Looks like I modified that constraint since the original has '3' and
explaining that shows the one I ended up running and posting has 3.
Whn I explain on the original version it shows filter: (bucket =
3::bigint)
Can you elaborate on what you mean by:
> The bucket = 3 rows have to be lurking further to the back of the
filename order than the others
How does this apply to the index on filename?
It is possible that the data values are skewed, is there any way I can
gracefully handle this condition?
This query is being used to extract data for interactive display and the
time for bucket 3 is so out of
whack with all the others (I've run this across all buckets and only
bucket 3 has the horrendous excecution
times)
Any suggestions for working around this problem to speed up execution?
Thanks for the help
brad
-----Original Message-----
From: Tom Lane [mailto:tgl@sss.pgh.pa.us]

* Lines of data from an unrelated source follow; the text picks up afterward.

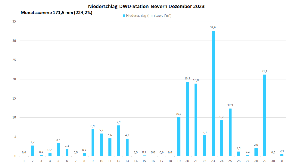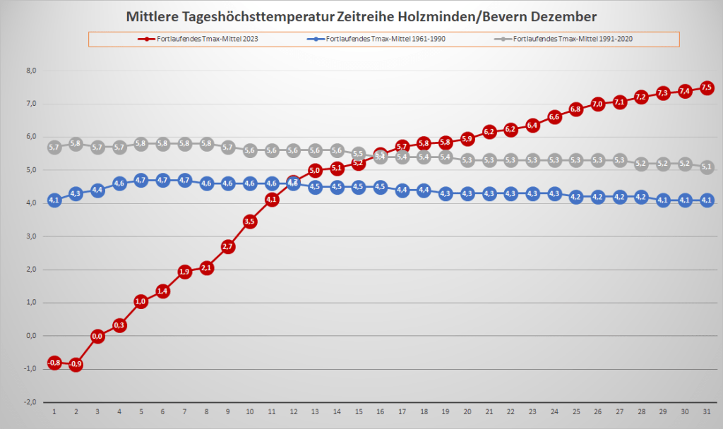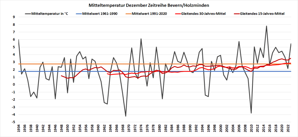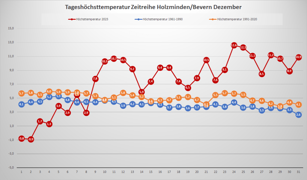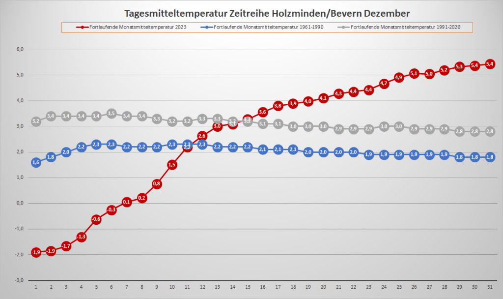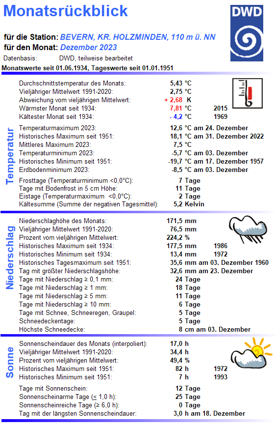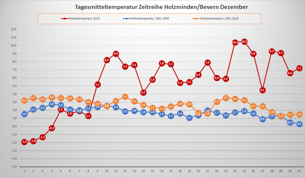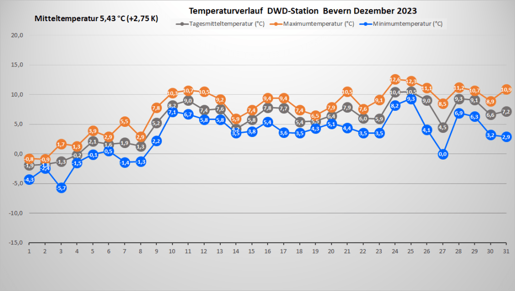 Mit einer Monatstemperatur von 5,43 °C war der Dezember 2023 an der DWD-Klimastation in Bevern um fast 2,7 Kelvin wärmer als im Mittel der Jahre 1991-2020. Im Vergleich zum niedrigeren, 30 Jahre älteren Klimawert der Periode 1961-1990 betrug das Plus sogar 3,7 K. Damit war es der fünftwärmste Dezember seit Aufzeichnungsbeginn 1934 – trotz eines durchaus winterlichen Starts mit leichtem Dauerfrost. Von außergewöhnlichen Höchstwerten wie den rekordwarmen 18,1 Grad am Silvestertag 2022 blieb die milde Westwetterlage ab dem Ende der ersten Dekade in diesem Jahr zwar weit entfernt, dafür gab es bis zum Jahresende aber keine kühle, geschweige denn kalte Phase mehr – Durchschnittswerte bei den Maxima von 9,5 °C und fast fünf Grad bei den Minima ab dem 10. Dezember erinnern deutlich mehr an Herbst als an Winter. Auch die Zahl der Frosttage blieb mit sieben, die allesamt in den ersten acht Tagen gemessen wurden, deutlich unter den langjährigen Mittelwerten. Die Zeit ab 9. markiert eine der bisher längsten frostfreien Perioden in einem Dezember überhaupt.
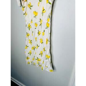 SLATE & WILLOW White Lemon Print Sweetheart Neckline Tie Shoulders Dress Small
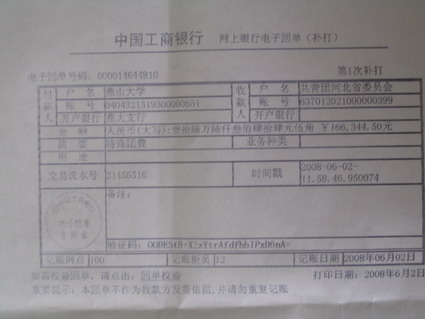 目前,我校的“特殊团费”总金额166344.5元已经汇至共青团河北省委员会,帐户名:共青团河北省委员会,帐号:637012021000000399,开户行:石家庄商业银行金桥支行。(编辑 朱可嘉 韩晋丽)
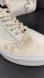 Cream Vans sneakers with unique black pattern. Ideal for everyday style. Wear and stains but no tears.

Sent: Thursday, May 26, 2005 1:32 PM
To: Brad Might
Cc: pgsql-performance@postgresql.org
Subject: Re: [PERFORM] Specific query performance problem help requested
- postgresql 7.4
"Brad Might" <bmight@storediq.com> writes:
> Can someone help me break this down and figure out why the one query
> takes so much longer than the other?
It looks to me like there's a correlation between filename and bucket,
such that the indexscan in filename order takes much longer to run
across the first 25 rows with bucket = 3 than it does to run across the
first 25 with bucket = 7 or bucket = 8. It's not just a matter of there
being fewer rows with bucket = 3 ... the cost differential is much
larger than is explained by the count ratios. The bucket = 3 rows have
to be lurking further to the back of the filename order than the others.
> Here's the bucket distribution..i have clustered the index on the
> bucket value.
If you have an index on bucket, it's not doing you any good here anyway,
since you wrote the constraint as a crosstype operator ("3" is int4 not
int8). It might help to explicitly cast the constant to int8.